Замечания Сталина учитывают, и через две недели формируется следующий объемный пакет «признаний» Рамзина. Помимо прочего, в них упоминаются член Политбюро Рыков и только что выведенный из Политбюро Бухарин — своеобразный задел на будущее (обоих расстреляют в 38-м). Сам же именитый советский инженер-теплотехник становится лидером «Промпартии». На его показаниях и строится все обвинение.
Мобилизация
…«Правда» выходит с передовицей под заголовком «Ставка интервентов будет бита». В ней объясняется, что «Международный капитализм с величайшей тревогой смотрит на мощное развитие страны строящегося социализма» и «перешел к новым формам антисоветской борьбы», подготавливая военное вторжение. В этом же номере газеты помещается внушительных объемов обвинительное заключение по делу «Промпартии».

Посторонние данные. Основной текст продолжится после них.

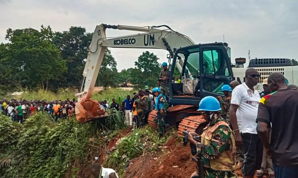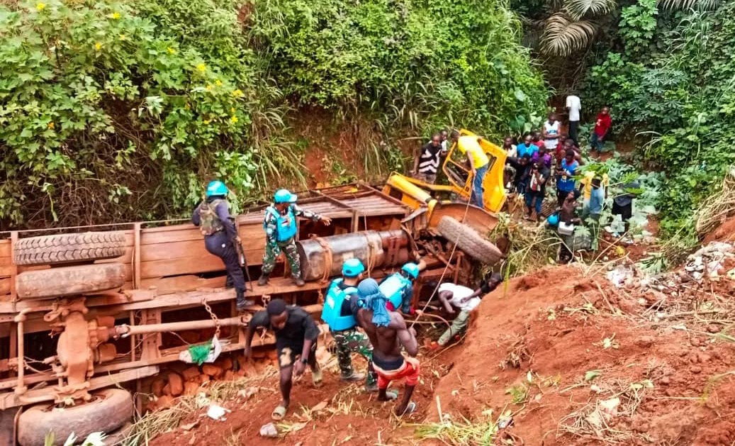 Satgas Kizi TNI Konga XXXVII-J Minusca Car membantu evakuasi truk kecelakaan yang terguling ke dalam jurang sedalam 8 meter yang berlokasi di jalan Pasar Besar sektor TOB Berberati, Minggu (23/06/2024).

И хотя подпольная вредительская организация, согласно заключению, насчитывает несколько тысяч членов, суду предаются восемь «промпартийцев». Помимо Рамзина, это руководители секций Госплана Ларичев и Калинников, председатель научно-технического совета ВСНХ Чарновский, председатель научно-исследовательского текстильного института Федотов, технический директор оргтекстиля ВСНХ Куприянов, завотделом руководства научно-исследовательского сектора ВСНХ Очкин и инженер Ситнин.
До суда еще две недели, но митинги, шествия и заводские собрания начинают греметь по всей стране уже сейчас. «Рабочие ленинградского завода имени Карла Маркса в своей резолюции сообщают: «Ознакомившись с обвинительным заключением, 6000 рабочих и служащих завода требуют от пролетарского суда применения к контрреволюционным вредителям высшей меры наказания — расстрела». «Задушить контрреволюционную гадину!» «В ответ на заговор вредителей-агентов поднимается новая волна производственного энтузиазма трудящихся масс фабрик, заводов, шахт и колхозов!»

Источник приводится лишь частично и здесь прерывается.